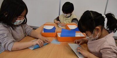 先生の話をよく聞いて頑張ってペンギンの折り紙を作りました。
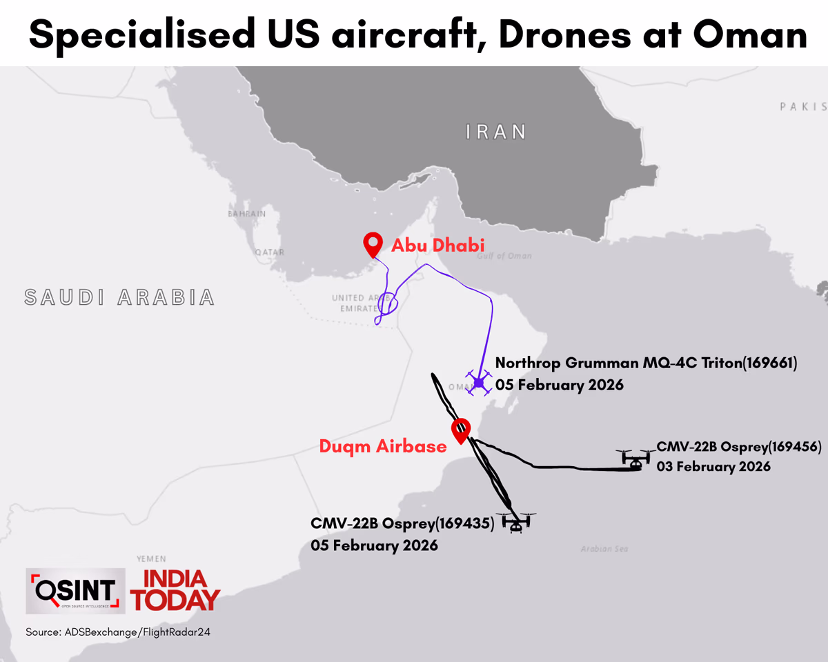 India Today tracked activities of specialized drones and Osprey supply aircraft at Oman’s Duqm Air Base through open-source flight tracking data. Since early January, two Bombardier E-11A aircraft (tail numbers 23-9048 and 21-9045) were already stationed in the region. This week, another E-11A (tail number 12-9506) arrived from Chania to Prince Sultan Air Base, Saudi Arabia.
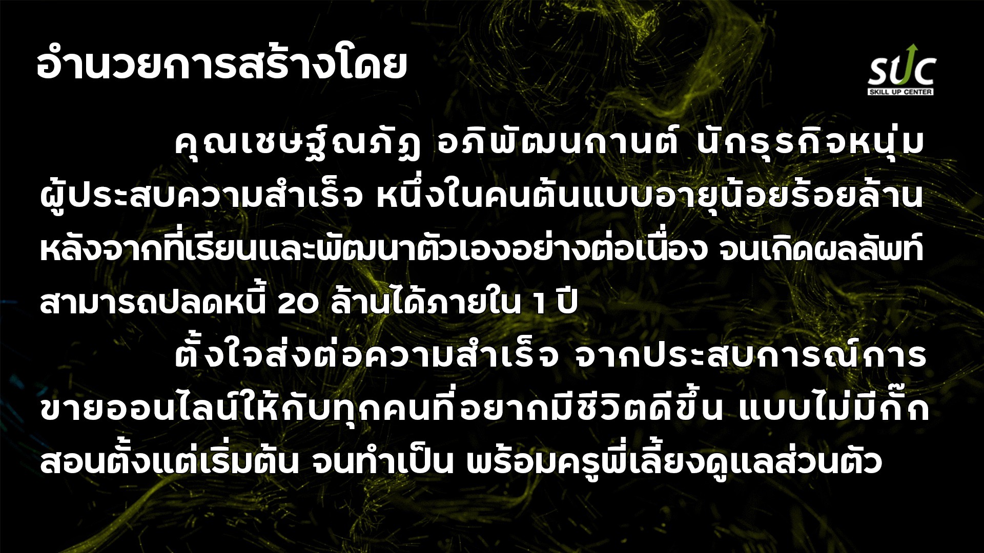 เพราะอะไรถึงขายไม่ได้ แม้กระทั้งหากขายได้แล้ว จะสามารถขยายธุรกิจได้อย่างไร.. ในคอร์สนี้มีคำตอบ..”
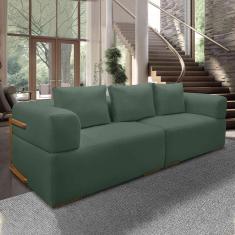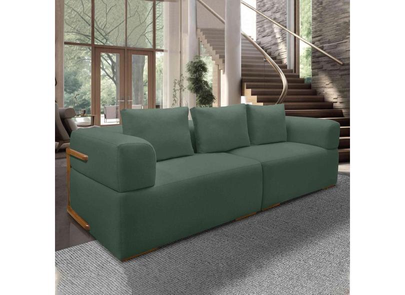Sofá Bipartido 3 Lugares Com Almofadas Soltas 220cm Nuuk Linho Verde
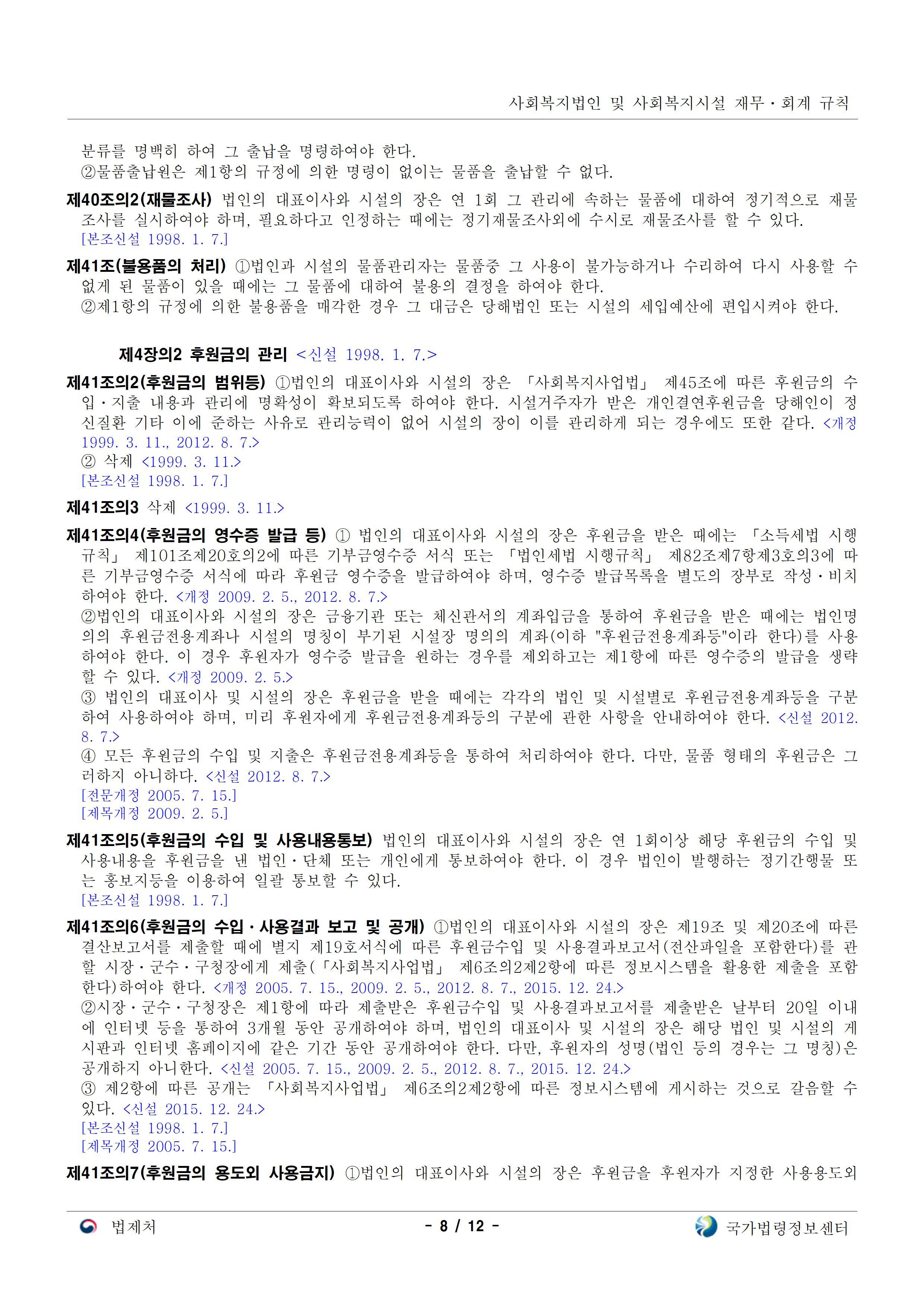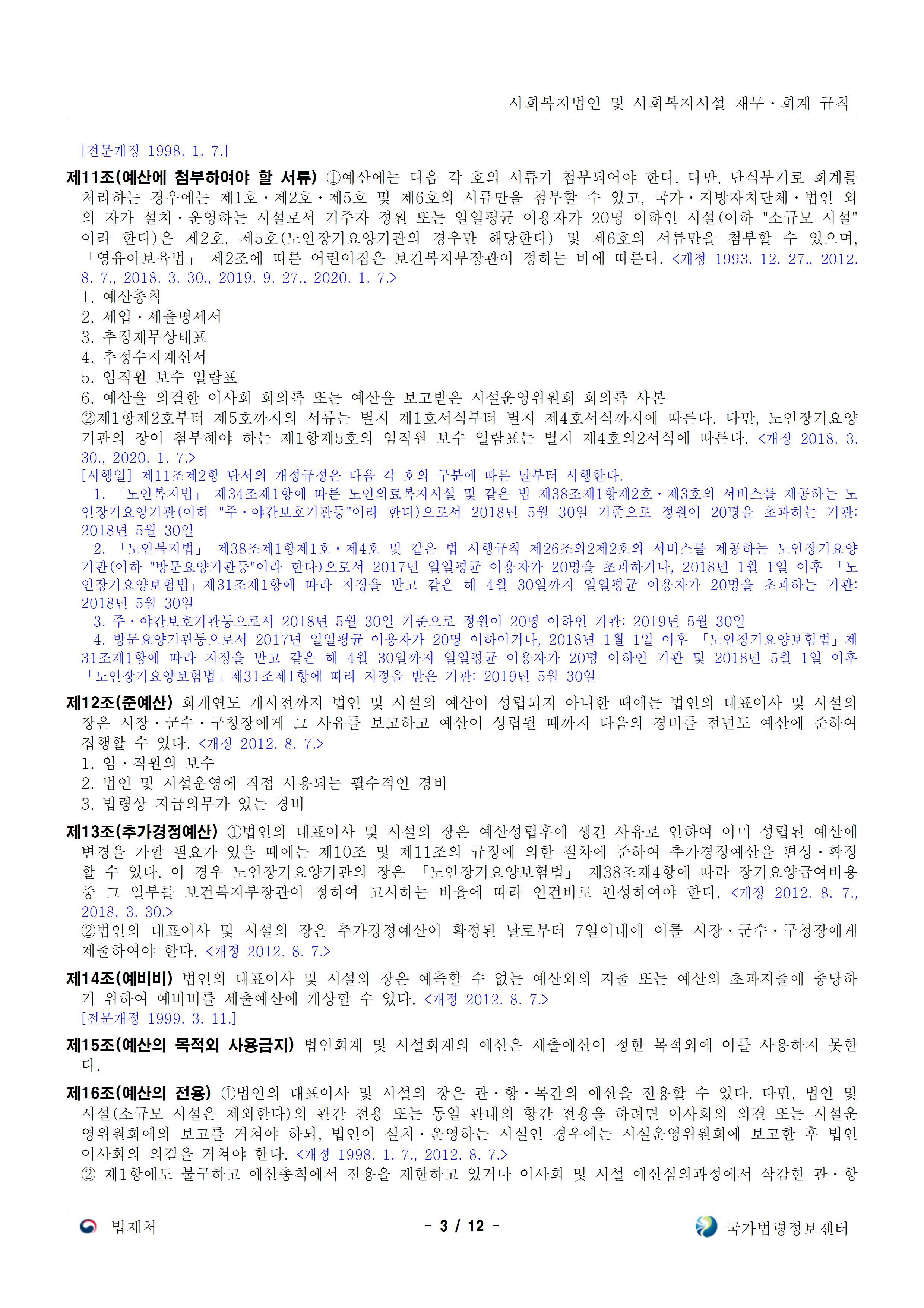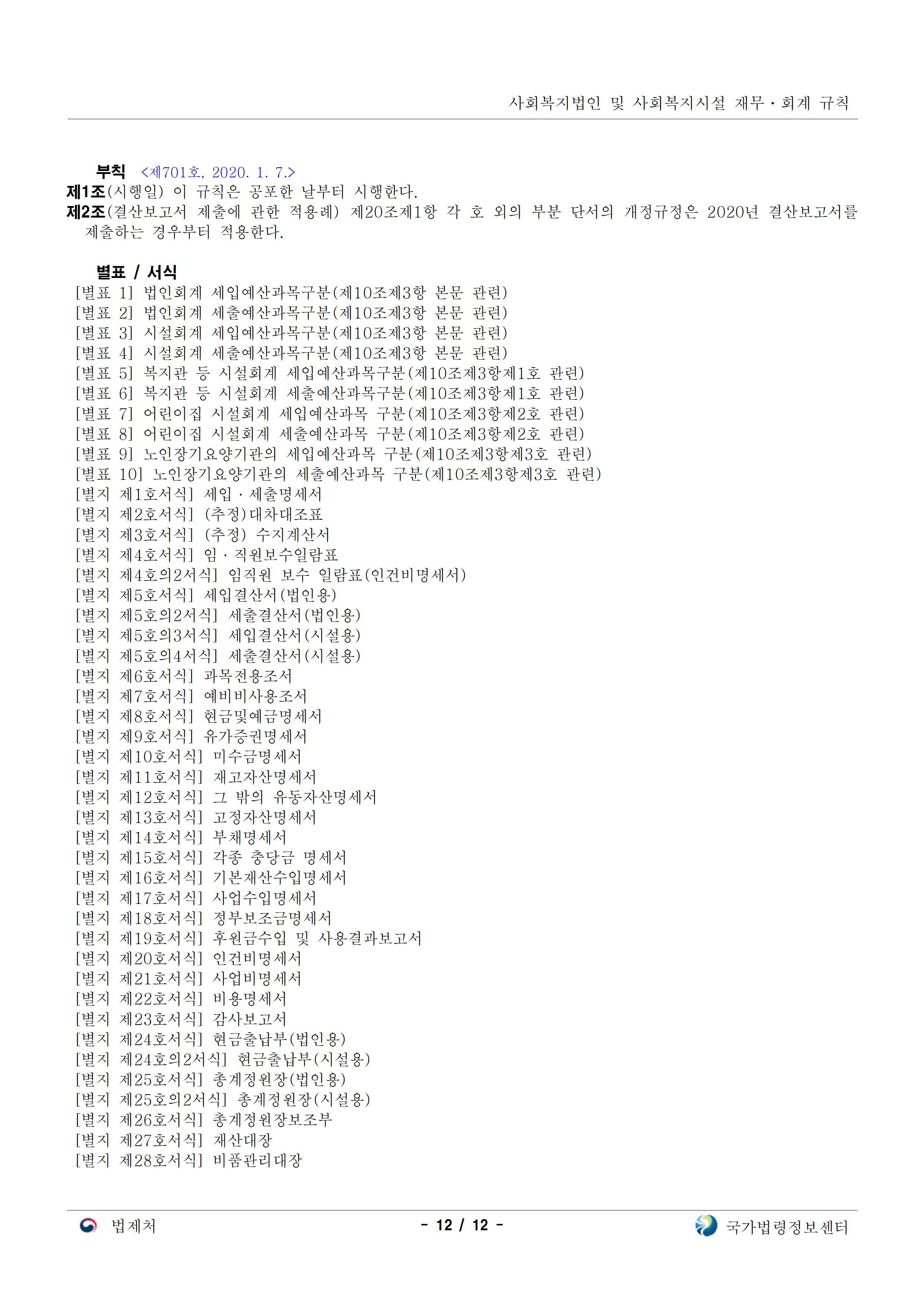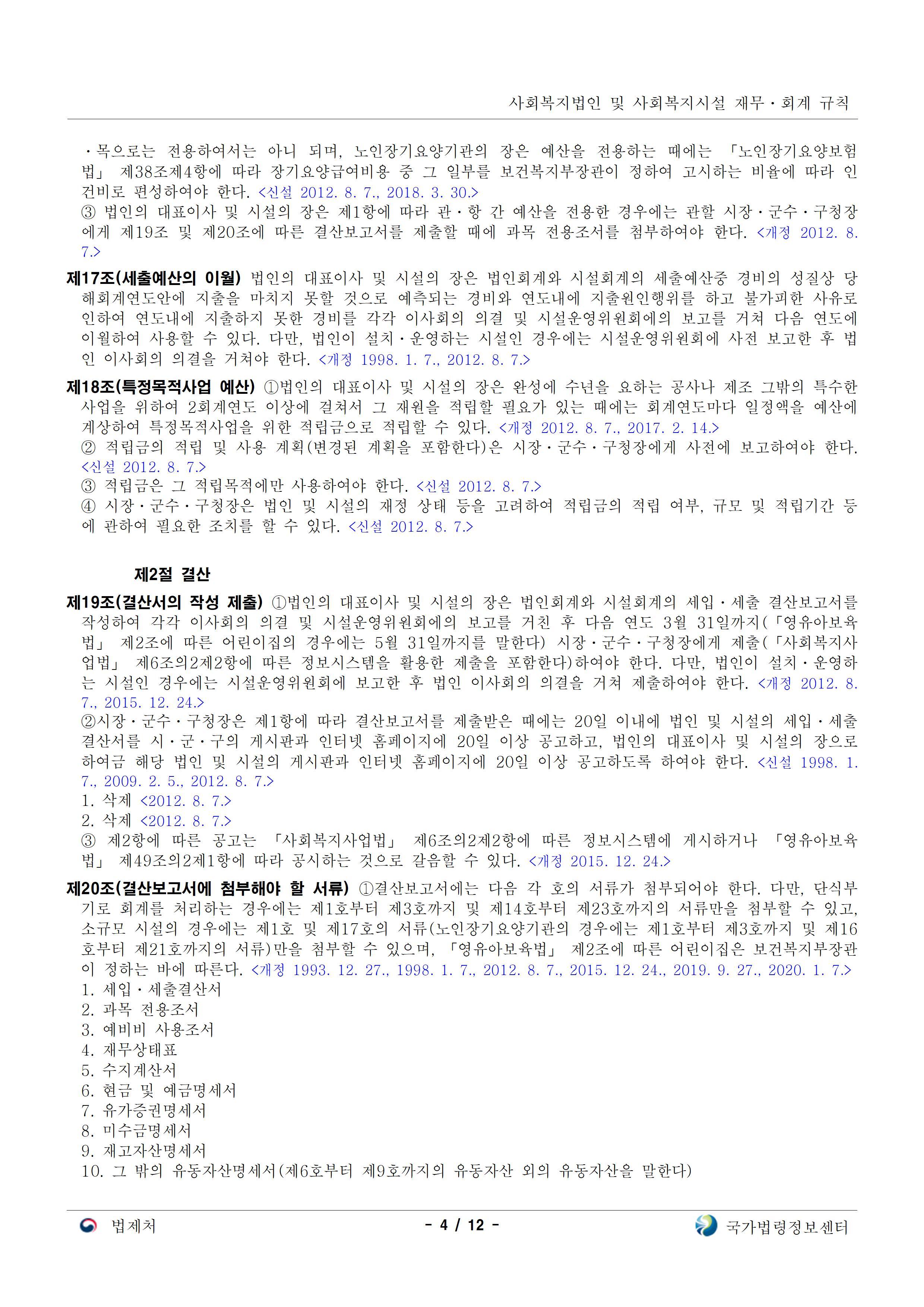 2020. 1. 7 시행 사회복지법인 및 사회복지시설 재무 · 회계 규칙 작성자주황규|작성시간21.05.01|조회수942 목록 댓글 0 글자크기 작게가 글자크기 크게가 사회복지법인 및 사회복지시설 재무ㆍ회계 규칙(00701).hwp64.00KB사회복지법인 및 사회복지시설 재무ㆍ회계 규칙(00701).pdf219.75KB2021년_사회복지법인_관리안내.pdf6.60MB2021년 사회복지시설 관리안내.pdf13.76MB 첨부파일첨부된 파일이 17개 있습니다. jpg 파일 주황규.jpg 다운로드 jpg 파일 사회복지법인 및 사회복지시설 재무ㆍ회계 규칙(00701)001.jpg 다운로드 jpg 파일 사회복지법인 및 사회복지시설 재무ㆍ회계 규칙(00701)002.jpg 다운로드 jpg 파일 사회복지법인 및 사회복지시설 재무ㆍ회계 규칙(00701)003.jpg 다운로드 jpg 파일 사회복지법인 및 사회복지시설 재무ㆍ회계 규칙(00701)005.jpg 다운로드 jpg 파일 사회복지법인 및 사회복지시설 재무ㆍ회계 규칙(00701)004.jpg 다운로드 jpg 파일 사회복지법인 및 사회복지시설 재무ㆍ회계 규칙(00701)007.jpg 다운로드 jpg 파일 사회복지법인 및 사회복지시설 재무ㆍ회계 규칙(00701)008.jpg 다운로드 jpg 파일 사회복지법인 및 사회복지시설 재무ㆍ회계 규칙(00701)006.jpg 다운로드 jpg 파일 사회복지법인 및 사회복지시설 재무ㆍ회계 규칙(00701)009.jpg 다운로드 jpg 파일 사회복지법인 및 사회복지시설 재무ㆍ회계 규칙(00701)010.jpg 다운로드 jpg 파일 사회복지법인 및 사회복지시설 재무ㆍ회계 규칙(00701)011.jpg 다운로드 jpg 파일 사회복지법인 및 사회복지시설 재무ㆍ회계 규칙(00701)012.jpg 다운로드 hwp 파일 사회복지법인 및 사회복지시설 재무ㆍ회계 규칙(00701).hwp 다운로드 pdf 파일 사회복지법인 및 사회복지시설 재무ㆍ회계 규칙(00701).pdf 다운로드 pdf 파일 2021년 사회복지시설 관리안내.pdf 다운로드 pdf 파일 2021년_사회복지법인_관리안내.pdf 다운로드 다음검색 현재 게시글 추가 기능 열기 북마크 신고 센터로 신고 댓글 댓글 0 댓글쓰기 답글쓰기 댓글 리스트

━━━━━━━━━━━━━━━━━━━━━━━━━━━━━━

__YOUR TASK__:
The records above are to be set down exactly as written, with no images.

__ANSWER FOR THIS EXERCISE__:
 先生の話をよく聞いて頑張ってペンギンの折り紙を作りました。
 India Today tracked activities of specialized drones and Osprey supply aircraft at Oman’s Duqm Air Base through open-source flight tracking data. Since early January, two Bombardier E-11A aircraft (tail numbers 23-9048 and 21-9045) were already stationed in the region. This week, another E-11A (tail number 12-9506) arrived from Chania to Prince Sultan Air Base, Saudi Arabia.
 เพราะอะไรถึงขายไม่ได้ แม้กระทั้งหากขายได้แล้ว จะสามารถขยายธุรกิจได้อย่างไร.. ในคอร์สนี้มีคำตอบ..”
Sofá Bipartido 3 Lugares Com Almofadas Soltas 220cm Nuuk Linho Verde
 2020. 1. 7 시행 사회복지법인 및 사회복지시설 재무 · 회계 규칙 작성자주황규|작성시간21.05.01|조회수942 목록 댓글 0 글자크기 작게가 글자크기 크게가 사회복지법인 및 사회복지시설 재무ㆍ회계 규칙(00701).hwp64.00KB사회복지법인 및 사회복지시설 재무ㆍ회계 규칙(00701).pdf219.75KB2021년_사회복지법인_관리안내.pdf6.60MB2021년 사회복지시설 관리안내.pdf13.76MB 첨부파일첨부된 파일이 17개 있습니다. jpg 파일 주황규.jpg 다운로드 jpg 파일 사회복지법인 및 사회복지시설 재무ㆍ회계 규칙(00701)001.jpg 다운로드 jpg 파일 사회복지법인 및 사회복지시설 재무ㆍ회계 규칙(00701)002.jpg 다운로드 jpg 파일 사회복지법인 및 사회복지시설 재무ㆍ회계 규칙(00701)003.jpg 다운로드 jpg 파일 사회복지법인 및 사회복지시설 재무ㆍ회계 규칙(00701)005.jpg 다운로드 jpg 파일 사회복지법인 및 사회복지시설 재무ㆍ회계 규칙(00701)004.jpg 다운로드 jpg 파일 사회복지법인 및 사회복지시설 재무ㆍ회계 규칙(00701)007.jpg 다운로드 jpg 파일 사회복지법인 및 사회복지시설 재무ㆍ회계 규칙(00701)008.jpg 다운로드 jpg 파일 사회복지법인 및 사회복지시설 재무ㆍ회계 규칙(00701)006.jpg 다운로드 jpg 파일 사회복지법인 및 사회복지시설 재무ㆍ회계 규칙(00701)009.jpg 다운로드 jpg 파일 사회복지법인 및 사회복지시설 재무ㆍ회계 규칙(00701)010.jpg 다운로드 jpg 파일 사회복지법인 및 사회복지시설 재무ㆍ회계 규칙(00701)011.jpg 다운로드 jpg 파일 사회복지법인 및 사회복지시설 재무ㆍ회계 규칙(00701)012.jpg 다운로드 hwp 파일 사회복지법인 및 사회복지시설 재무ㆍ회계 규칙(00701).hwp 다운로드 pdf 파일 사회복지법인 및 사회복지시설 재무ㆍ회계 규칙(00701).pdf 다운로드 pdf 파일 2021년 사회복지시설 관리안내.pdf 다운로드 pdf 파일 2021년_사회복지법인_관리안내.pdf 다운로드 다음검색 현재 게시글 추가 기능 열기 북마크 신고 센터로 신고 댓글 댓글 0 댓글쓰기 답글쓰기 댓글 리스트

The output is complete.